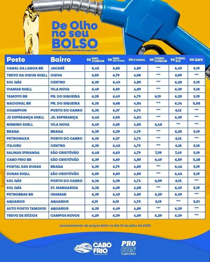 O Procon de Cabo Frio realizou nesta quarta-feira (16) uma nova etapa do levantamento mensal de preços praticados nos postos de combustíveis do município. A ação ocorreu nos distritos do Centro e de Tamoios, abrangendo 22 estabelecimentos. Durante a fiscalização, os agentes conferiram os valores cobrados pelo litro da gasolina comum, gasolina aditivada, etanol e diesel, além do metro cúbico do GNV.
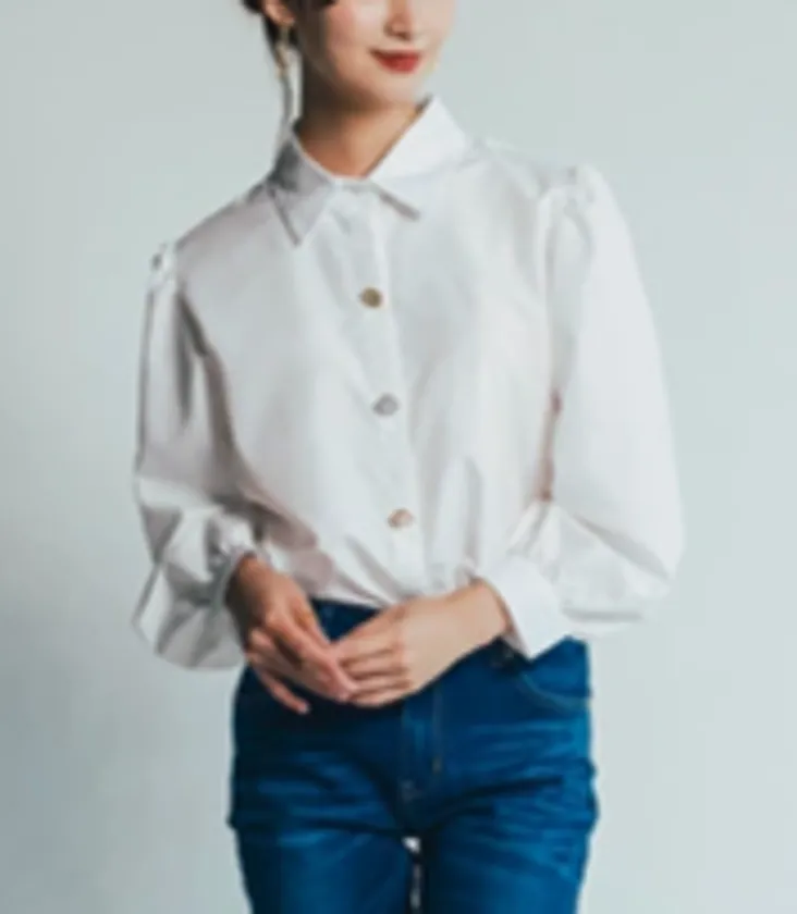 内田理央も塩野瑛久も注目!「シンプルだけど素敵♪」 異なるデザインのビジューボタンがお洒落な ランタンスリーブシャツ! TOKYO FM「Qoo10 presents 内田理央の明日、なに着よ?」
==============================
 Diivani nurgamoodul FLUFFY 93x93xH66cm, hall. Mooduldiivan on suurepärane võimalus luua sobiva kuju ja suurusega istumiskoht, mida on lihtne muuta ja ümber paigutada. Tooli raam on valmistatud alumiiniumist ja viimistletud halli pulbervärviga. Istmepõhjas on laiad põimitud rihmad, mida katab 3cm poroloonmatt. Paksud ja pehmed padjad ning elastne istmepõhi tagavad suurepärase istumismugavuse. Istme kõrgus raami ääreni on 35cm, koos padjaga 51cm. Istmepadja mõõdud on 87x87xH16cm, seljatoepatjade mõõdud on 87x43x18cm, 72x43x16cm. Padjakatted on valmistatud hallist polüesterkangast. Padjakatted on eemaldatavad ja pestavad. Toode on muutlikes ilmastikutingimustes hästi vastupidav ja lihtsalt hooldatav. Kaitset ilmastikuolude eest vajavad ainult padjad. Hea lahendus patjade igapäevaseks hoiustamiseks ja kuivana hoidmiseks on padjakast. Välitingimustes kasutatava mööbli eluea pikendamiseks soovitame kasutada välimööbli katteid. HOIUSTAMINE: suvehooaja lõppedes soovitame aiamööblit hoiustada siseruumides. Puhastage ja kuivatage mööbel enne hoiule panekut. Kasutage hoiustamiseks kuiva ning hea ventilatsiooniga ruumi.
==============================
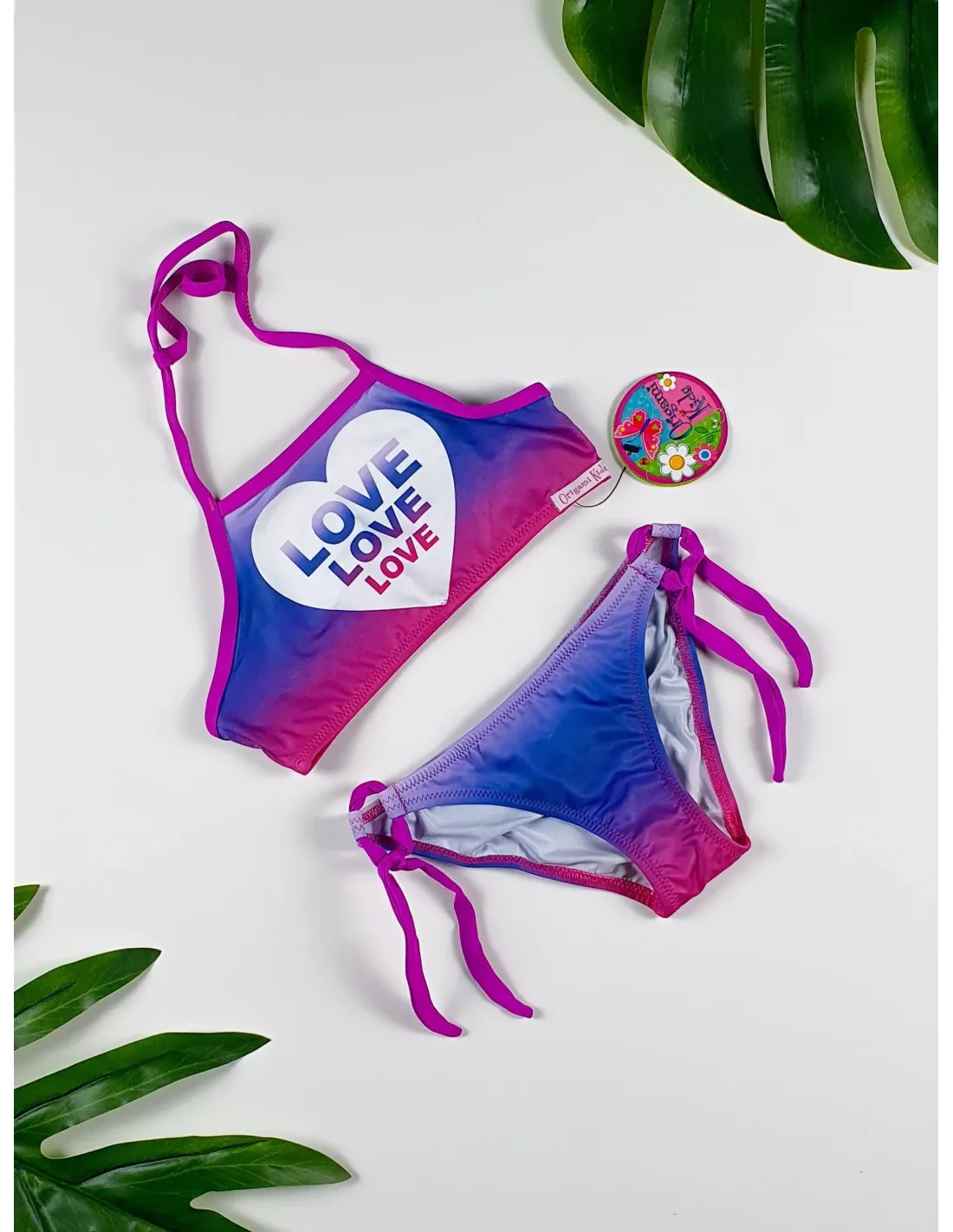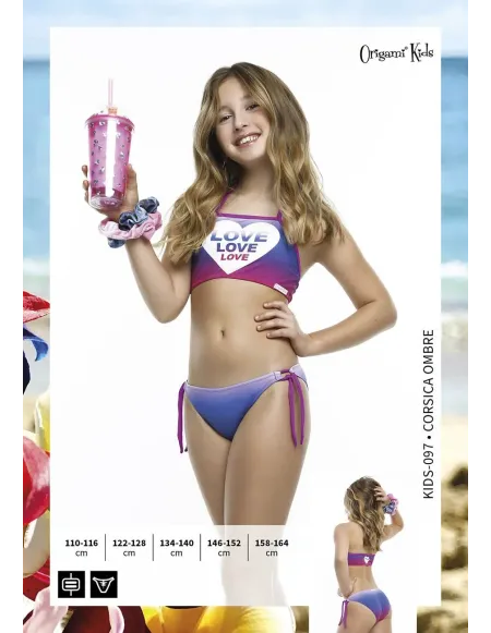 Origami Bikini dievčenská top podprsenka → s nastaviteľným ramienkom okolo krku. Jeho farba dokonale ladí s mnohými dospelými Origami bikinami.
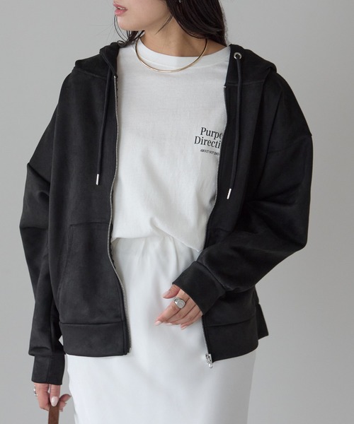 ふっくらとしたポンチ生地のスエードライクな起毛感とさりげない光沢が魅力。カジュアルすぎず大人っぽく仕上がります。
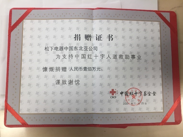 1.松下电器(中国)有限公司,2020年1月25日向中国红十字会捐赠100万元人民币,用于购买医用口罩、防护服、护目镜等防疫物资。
==============================
TASK REQUIREMENTS -
When you reach the line containing "Origami Bikini dievčenská" in the entries above, begin restating word for word, and stop once the line containing "1.松下电器(中国)有限公司" has been given. Omit the pictures.

TASK OUTPUT -
 Origami Bikini dievčenská top podprsenka → s nastaviteľným ramienkom okolo krku. Jeho farba dokonale ladí s mnohými dospelými Origami bikinami.
 ふっくらとしたポンチ生地のスエードライクな起毛感とさりげない光沢が魅力。カジュアルすぎず大人っぽく仕上がります。
 1.松下电器(中国)有限公司,2020年1月25日向中国红十字会捐赠100万元人民币,用于购买医用口罩、防护服、护目镜等防疫物资。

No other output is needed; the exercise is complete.